Hot-start PCR limits the reagents available to the sample at room temperature via molecular or chemical means until heating takes place, meaning that DNA polymerase is only functional after heating has removed the chemical or molecular block [2].
Multiplex PCR
In 1988, we were introduced to the concept of multiplexing [9], the capability to detect and amplify multiple DNA or RNA targets within the same sample using different primers for each target [10]. This technique requires the use of two or more distinct fluorophore probes that allow for simultaneous detection of the target sequences [10]. Multiplex PCR broadens the abilities of diagnostic tests as well as reduces cost. When first developed, multiplex PCR lacked the specificity and sensitivity necessary for accurate diagnosis. However, multiplexing has been improved since a comprehensive guide to primer selection and hot-start PCR were integrated into the technique [11].
Digital PCR (dPCR)
Although the concept of dPCR was first described in BioTechniques by Sykes (then Flinders Medical Center, South Australia) and colleagues in 1992 [12], the term ‘digital PCR’ was coined in 1999 [13]. dPCR has taken traditional PCR and qPCR to the next level, partitioning a sample into nanoliter-sized compartments to improve sensitivity and quantification accuracy. The random distribution of the sample means that the amount of target DNA or RNA in each compartment will vary. Following PCR in each compartment, the absorbance is measured to determine how much of a certain target DNA or RNA is in each compartment.

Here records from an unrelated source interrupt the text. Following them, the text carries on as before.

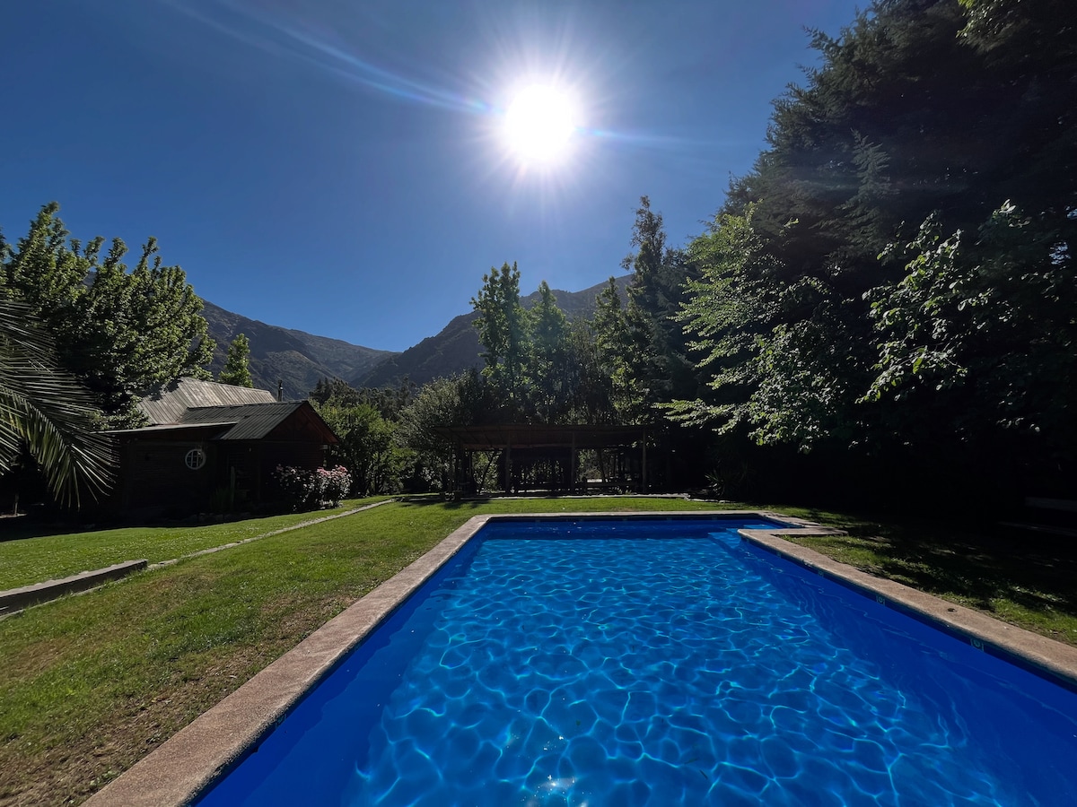 Linda cabana construída entre uma pequena floresta que dá tranquilidade e frescura para desfrutar de uma churrasqueira no seu terraço ou de um banho relaxante na lata com água quente. E para aqueles dias quentes pode refrescar-se na piscina. Também dentro do recinto pode desfrutar dos seus pontos de vista com vistas fascinantes sobre o vale e o pôr do sol e as montanhas nevadas. *Tinaja e piscina apenas para hóspedes. * Estacionamento gratuito *Tinaja não incluída no valor.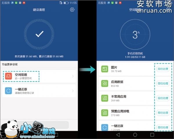 这里,就该万能的【手机管家】登场啦!点击【手机管家】>【清理加速】,在【建议清理】的界面下,勾选所有你想要清理的项,然后点击【一键清理】。这么清理完以后,还是觉得不够神清气爽,可以下滑菜单到最下面的【空间管理】,然后点击处理你想要清理的想可以了。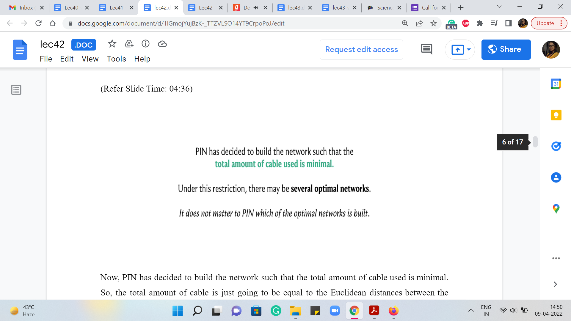 So, I think once you go through the problem statement, you will realize that what you are looking for is definitely a spanning tree of some sort. But the objective that you are optimizing for, on top of minimizing the cost of the spanning tree is also something else. And that is what needs to be figured out carefully.

Scientists use Poisson statistics and the number of positive (compartments that contain one or more copies of the target DNA/RNA) reactions to determine the density and quantity of the target in the initial sample. Unlike qPCR, dPCR can do absolute quantification due to the segmentation of the sample, the assignment of positive and negative wells and the use of Poisson statistics to correct the target count in each positive well [5].
The future of PCR
PCR has established itself as an important technique with numerous applications in medicine, forensics and research. The last 40 years have demonstrated just how much the original PCR method can be modified in order to amplify and/or quantify the target genetic materials necessary for pathogen detection, hereditary disease diagnosis and biopharmaceutical production, for example. We can expect to see further modifications to the method, with digitalization and accessibility helping to further streamline analyses while maintaining and improving the sensitivity and specificity necessary for PCR’s wide range of applications.